Kolarik agreed, saying he thought that against Clarkson “everyone played hard.”
“A couple of bounces here or there…maybe we would’ve come out on top,” he added.
One bounce that certainly did go Harvard’s way occurred early in the third period. With senior Dennis Packard in the box for high-sticking, junior center Tom Cavanagh gave the Crimson a 3-2 lead on a beautiful short-handed goal.
Cavanagh, closely pursued, led a strong rush into the zone and fired a shot on net. Clarkson goaltender Dustin Traylen made a nice save, but became entangled with his teammate Chris Blight and Kolarik, both of whom had charged the net looking for a rebound.
The puck squirted loose as all three players became entangled at the top of the crease, and Cavanagh retrieved the rebound—his momentum following the first shot had carried him around the net—before back-handing a shot into the top of the net, giving Harvard the 3-2 lead.
That advantage held for almost 12 minutes, until 13:41 of the third, when Clarkson forward John Sullivan dropped a shot past Crimson junior goaltender Dov Grumet-Morris who—like Traylen on Cavangh’s short-handed goal—had been knocked prone by his own defenseman, junior Noah Welch.
With the score knotted at three, the teams skated relatively evenly for the last six minutes of regulation and through the five minutes of overtime.
Cavanagh, near the mid-mark in the first had given Harvard a 2-1 lead after poking home a loose puck, but the Golden Knights tied the score in the second on a beautiful move by Jay Latulippe, who faked a shot to Grumet-Morris’s left and then glided across the crease and stuffed the puck into the net on Grumet-Morris’s right.
St. Cloud State 6, Harvard 4
While Latulippe’s tying goal in the second period was a spectacular individual play, neither the Golden Knights nor the Huskies saw the best performance of Grumet-Morris, the Crimson’s most consistent contributor for late November and December.
St. Cloud coach Craig Dahl said that he thought Harvard’s goaltender “might have been off” during Friday night’s game when he allowed five goals on only 40 shots.
“Maybe it was fortunate for us we caught him on an off night,” Dahl said.
And while it is certainly true that Saturday’s game was not the junior’s best, Mazzoleni though that Grumet-Morris wasn’t the only problem the Crimson encountered.
“You can’t fault Dov; he’s been very, very good,” Mazzoleni said.

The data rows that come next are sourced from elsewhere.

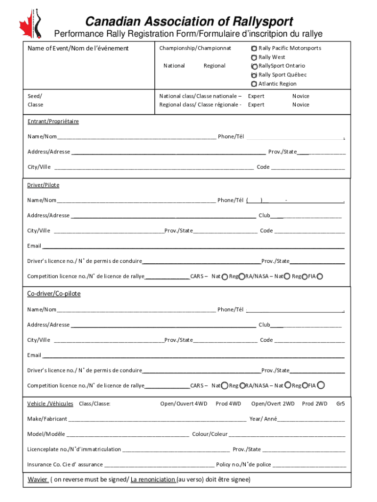 Canadian Association of Rally sport Performance Rally Registration Form/Formula ire inscription Du rally Name of Event/Not de lvnementChampionship/Champion Nationalized/ Class(((((RegionalNational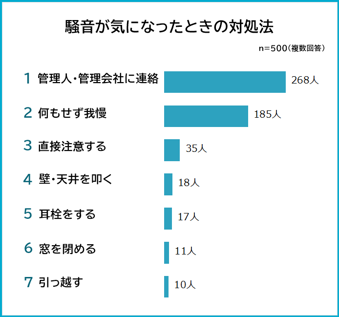 続いて「騒音が気になったときの対処法」を聞いたところ、1位は「管理人・管理会社に連絡(268人)」でした。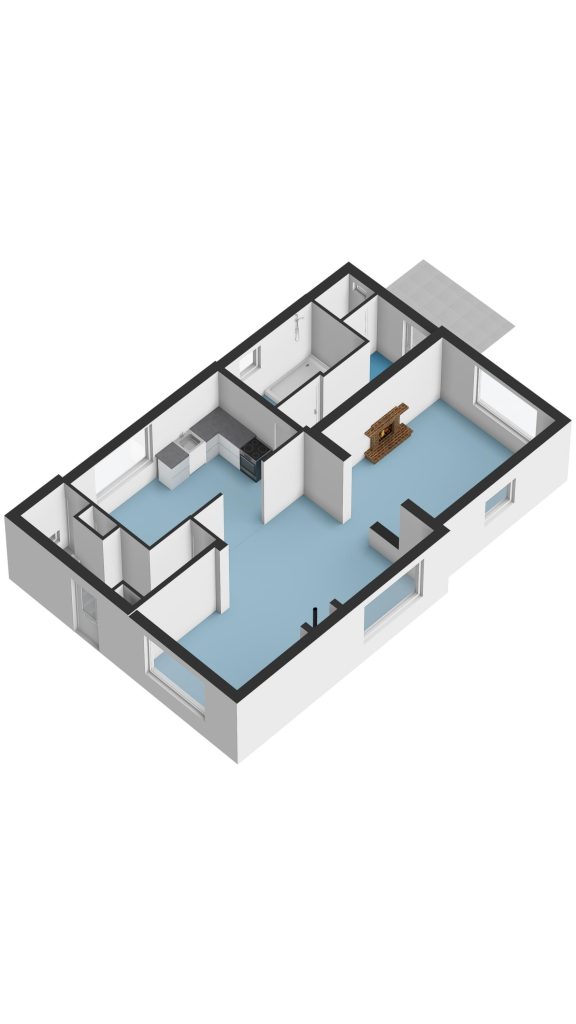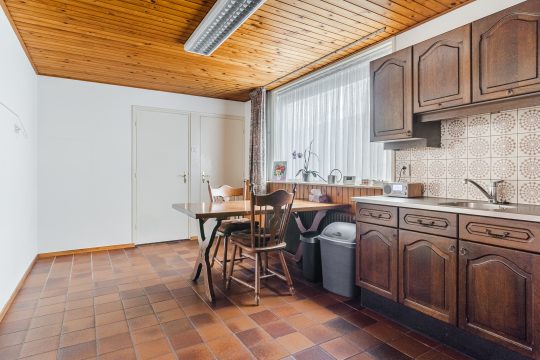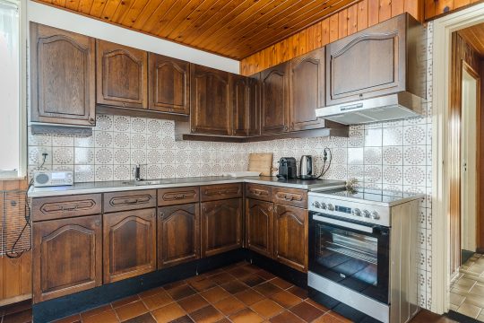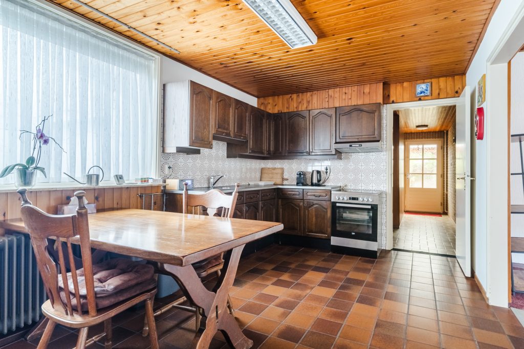 De half-open leefkeuken is uitgevoerd in een praktische hoekopstelling en voorzien van een keramische kookplaat, afzuigkap en oven. In de keuken bevindt tevens zich een handige inbouwkast en toegang tot de volledig betegelde kelder – perfect als provisieruimte of extra bergruimte.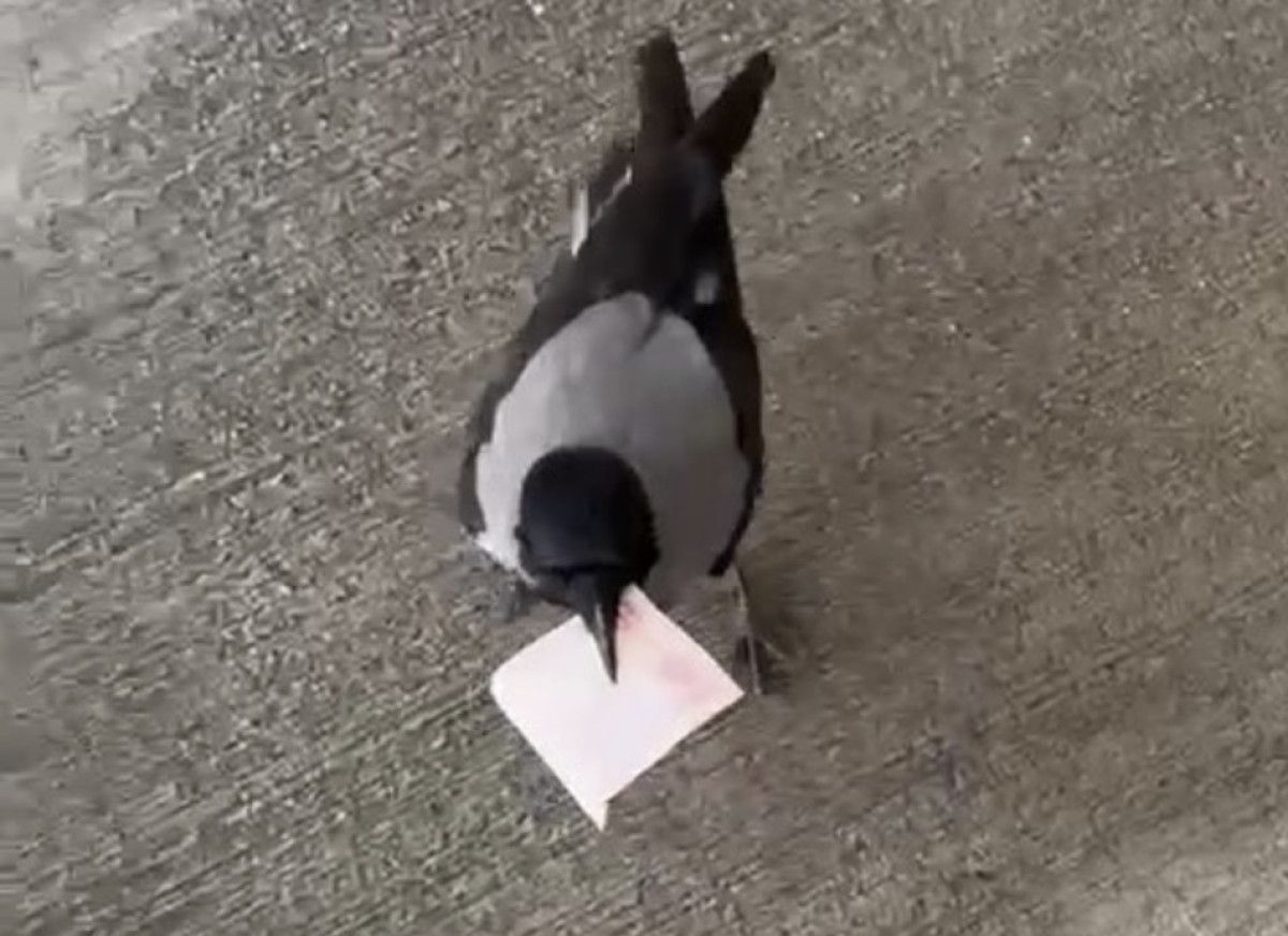 Geçtiğimiz günlerde kargayı önce poğaçayla besleyen Genç, ardından mizah amaçlı video çekmek için karganın önüne 10 TL bıraktı.

The same could not be said for both teams’ performances coming off an extended holiday layoff, and the play seemed to reflect that, according to Dahl.

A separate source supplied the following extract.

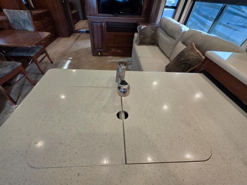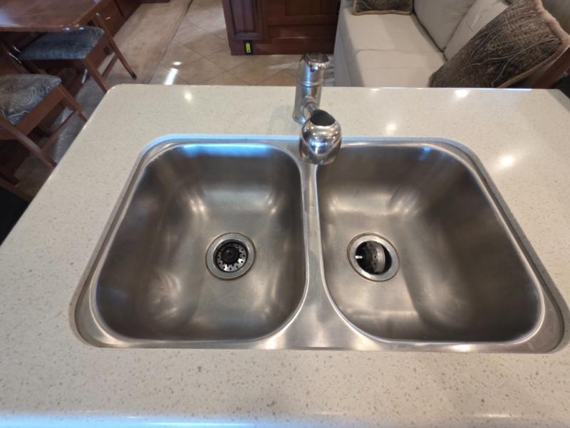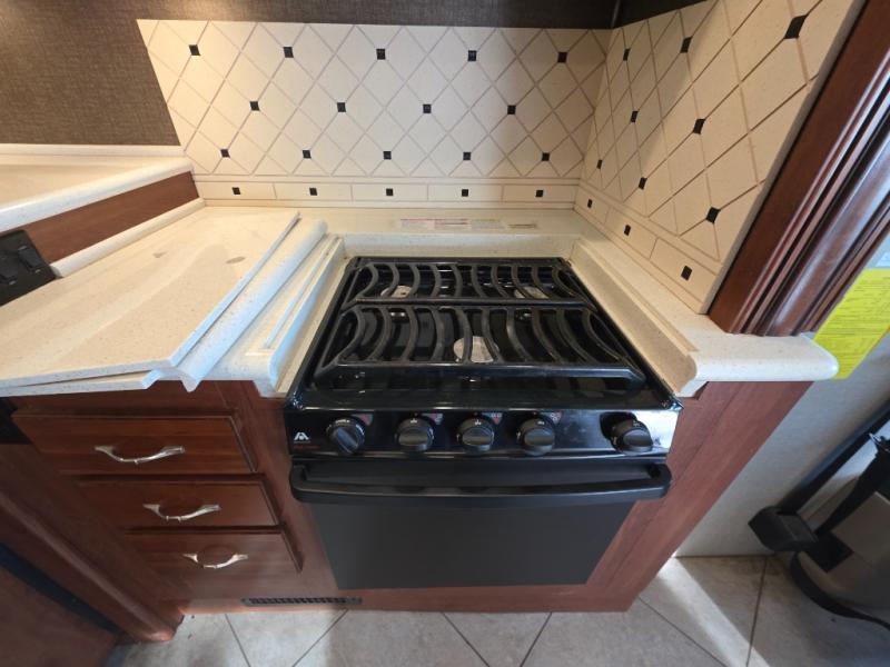 The second slide out in the living/kitchen area is located on the opposite wall. There is a sofa, a L-shaped countertop with a double kitchen sink, and a three burner range with overhead microwave. There is also a pedestal table in between the driver and passenger's chair for additional tabletop space.

“The goalies were a little rusty, there were a couple of clunkers that went in, there were some tips, and all that stuff,” he said.
Where Dahl saw rust on both sides of the ice, Mazzoleni saw the Crimson’s failure to execute.
“It was an up and down game, and when we had to answer the call in the third period, we didn’t get it done,” Mazzoleni said.
The “call” came early on in the third period; both Harvard and the Huskies emerged after the second intermission with three goals. Welch put the Crimson up 4-3 after he fired a hard and accurate shot from the left boards that passed perfectly between St. Cloud goaltender Adam Coole’s left shoulder and the cross-bar.
That lead—Harvard’s third of the game after going up 1-0 and 2-1—didn’t last long. Just over two minutes later, St. Cloud’s Andy Lundbohm scored amidst a mess of bodies around Grumet-Morris to tie the score. The Huskies’ Justin Fletcher then added the game-winning goal at 11:22 with a hard shot he fired from between the face-off circles; Grumet-Morris was in position to make the stop but could not, and the puck dribbled between his legs to give the Huskies a 5-4 lead.
“We let prosperity go right through our hands,” Mazzoleni said.
Or through the pads, in the case of Fletcher’s goal. St. Cloud added an empty-net insurance goal with seven seconds remaining, and ended the Crimson’s thoughts of an upset.